Publication Date : 26-02-2013

 

The heirs of the sultan of Sulu and their followers are not going to leave Sabah despite a stern warning from Philippine President Benigno Aquino III, a spokesman said today.

Abraham Idjirani, secretary general and spokesperson of the heirs to the sultanate, said Sultan Jamalul Kiram III was willing to be arrested if the Aquino government decides to file a case against the chieftain.

But Idjirani stressed that the “royal forces” of the Kirams did not intend to trigger a war when they started occupying the village of Tanduao in Lahad Datu in Sabah on February 9.

“What we need now is a mutual understanding,” Idjirani said in a press briefing held at Kiram’s house in Taguig City.

“We welcome the statement of the president. It’s a development on the right track,” he added.

He said the decision of Kiram’s followers to stay in Sabah “is not a hardline stance.”

The president today called on Kiram III to stand down and order his followers to come home “as soon as possible,” warning of “consequences of your actions” should they continue to refuse to leave Lahad Datu in Sabah.

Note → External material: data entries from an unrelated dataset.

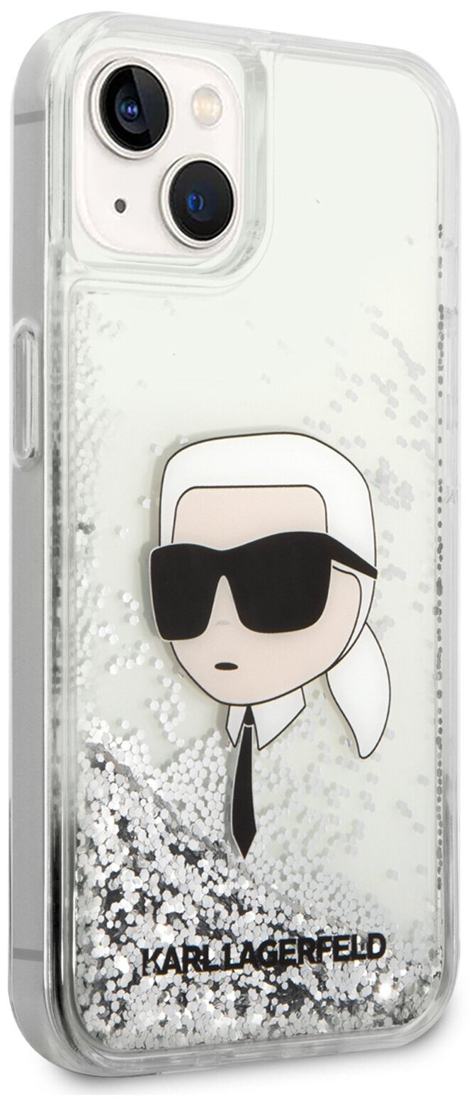Чехлы для мобильных телефонов Lagerfeld для iPhone 14 чехол Liquid glitter NFT Karl head Hard Silver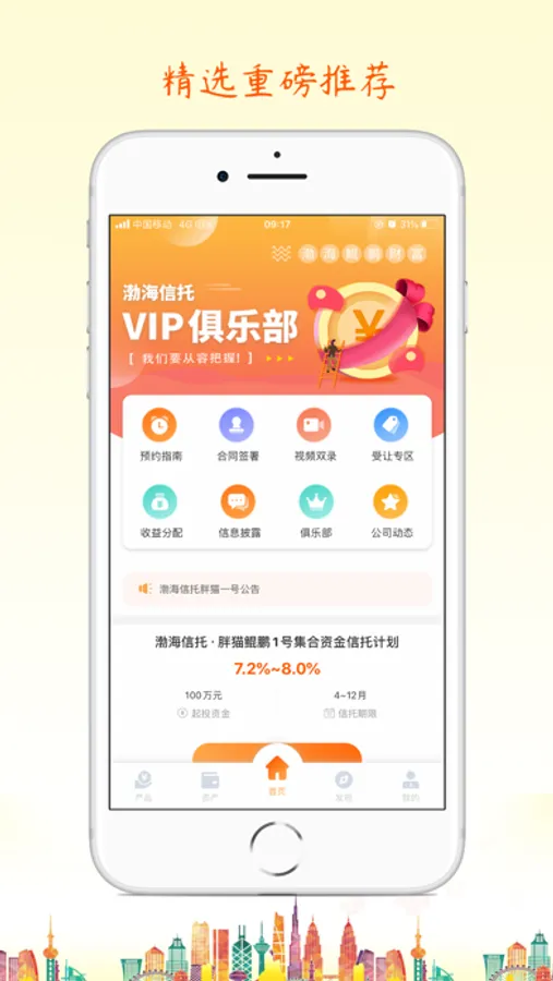 渤海国际信托股份有限公司(以下简称“渤海信托”)成立于1983年12月,前身为河北省国际信托投资有限责任公司。2015年7月,渤海信托完成整体改制,更名为渤海国际信托股份有限公司,注册地为河北省石家庄市,注册资本为36亿元,是河北省唯一一家经营信托业务的非银行金融机构。渤海鲲鹏财富APP是专为高净值客户打造的集产品在线预约、远程双录、电子签约、资产查询等服务的优质在线理财平台。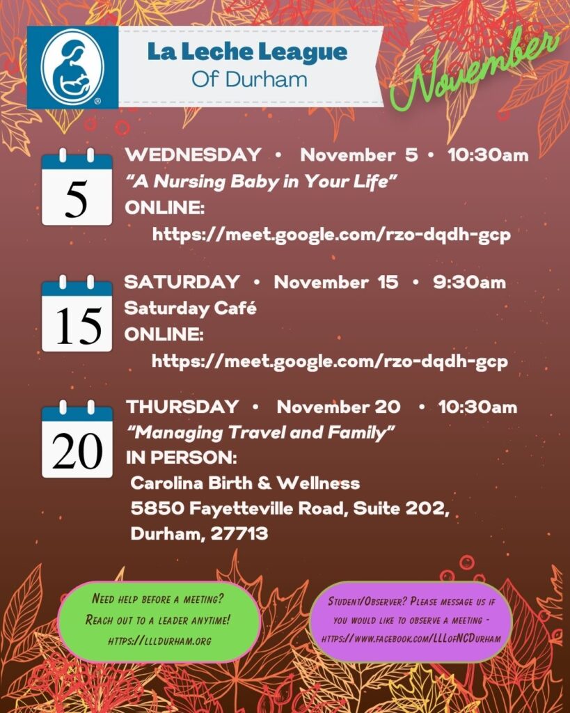 LLL Durham is excited to offer three meetings this November!

Aquino issued the call in a televised address at an early morning press conference at the Palace.

Point of no return…

“We have not yet reached the point of no return, but we are fast approaching that point,” said the President, apparently referring to the 48-hour extended deadline imposed by Malaysian authorities for the group led by Raja Muda Agbimuddin Kiram, brother of the sultan, to leave the village of Tanduao.

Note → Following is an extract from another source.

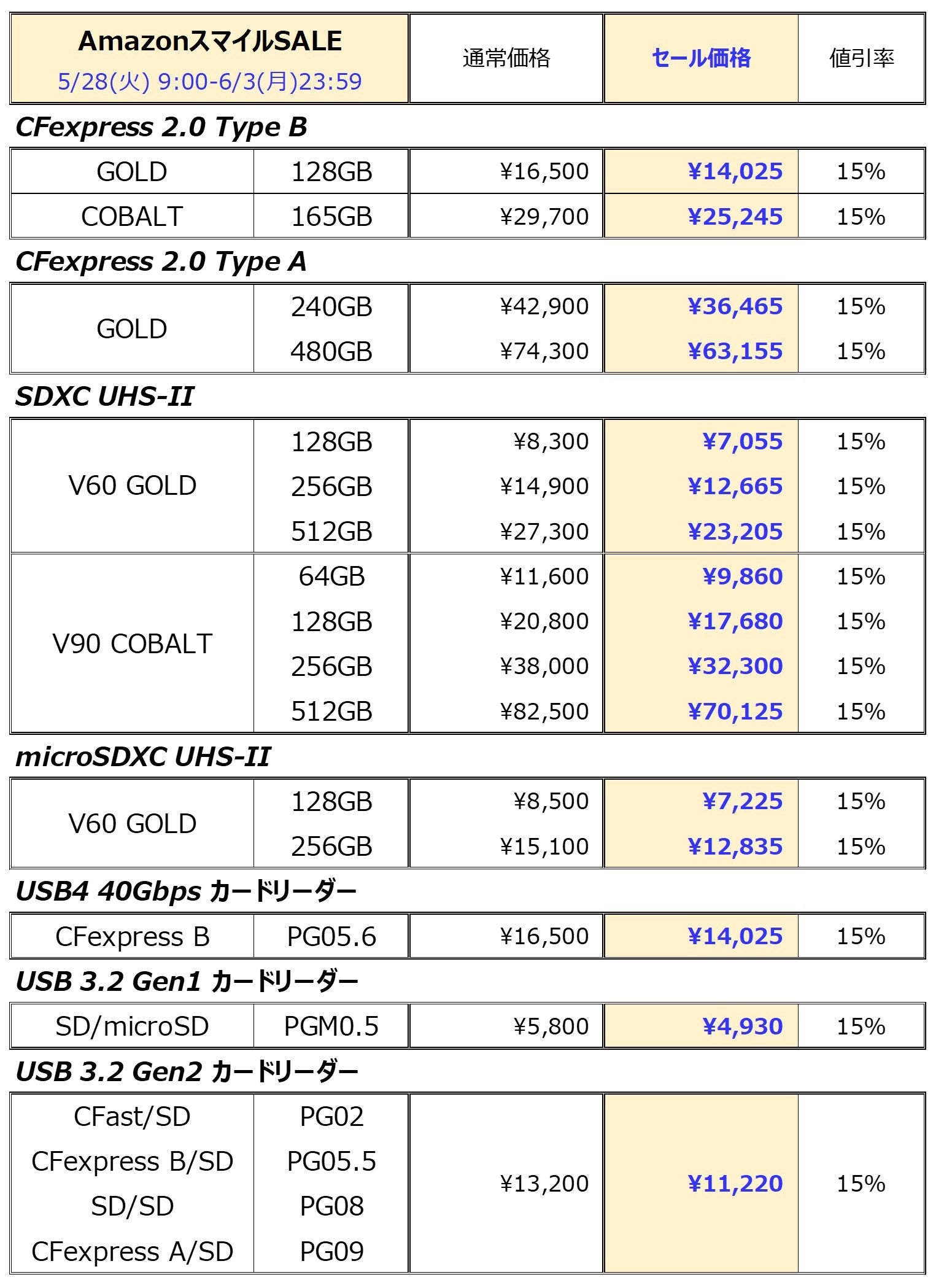 ProGrade Digital Inc.は、Amazonで5月28日(火)午前9時から6月3日(月)23時59分まで開催されるAmazon「先行セール」「スマイルSALE」で、メモリーカードとカードリーダーをセール価格でご購入いただけます。セール価格の詳細は価格表を参照してください。ただし、セール価格は在庫がなくなり次第終了となります。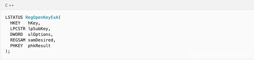 - RegOpenKeyExA – 打开指定的注册表项;

The deadline was to expire Tuesday.

“This is a situation that can’t persist,” the president noted, in effect, saying if the situation turned bloody, the sultan had only himself to blame.

“My duty is very clear: it is to protect the interests of all of our people, and if that is not possible, then to do what will redound to the interests of the greatest majority. This is the time to demonstrate that you are a true leader both in name and deed. The right thing to do now would be to order your followers to return home as soon as possible. The choices and consequences are yours. If you choose not to cooperate, the full force of the laws of the state will be used to achieve justice for all who have been put in harm’s way,” said the president.

Aquino last week said that guns would never resolve the Sabah claim of the sultanate of Sulu.

This time, the president appealed for calm after Raja Muda told Radyo Inquirer 990 AM on Monday that the standoff with Malaysian authorities was a “do or die” situation, and that the sultanate’s “Royal Security Force” would not leave Sabah “until the issue is resolved.”

The president had this piece of advice for Jamalul and his clan that insist on historical rights over Sabah.

“The avenue of peaceful and open dialogue is still available to us. Let us therefore sit down as brothers to address your grievances in a peaceful, calm manner according to our laws and according to correct processes when your people arrive home,” said the president.

“What is clear is that a peaceful resolution of this issue is to everybody’s interest. Even if we assume, for the sake of argument, that there are legitimate grievances, the presence of an armed group in Lahad Datu will only bring us further away from resolving these issues,” said Aquino.

Renouncing war as a policy

Despite his appeal to the sultan and his followers, Aquino said they could face charges under Philippine laws for choosing to pursue their claim to Sabah using arms.

In fact, the president had already ordered Justice Secretary Leila de Lima to launch an investigation.

Besides De Lima, Interior Secretary Mar Roxas, presidential spokesperson Edwin Lacierda, Communications Secretary Ricky Carandang, and Undersecretaries Abigail Valte and Manolo Quezon III also turned up at the Palace press conference.

“As president and chief executor of our laws, I have tasked an investigation into possible violations of laws by you, your followers, and collaborators engaged in this foolhardy act,” he said, reminding the sultan that war had never been an instrument of the country in pressing for any of its territorial claims with neighbouring countries.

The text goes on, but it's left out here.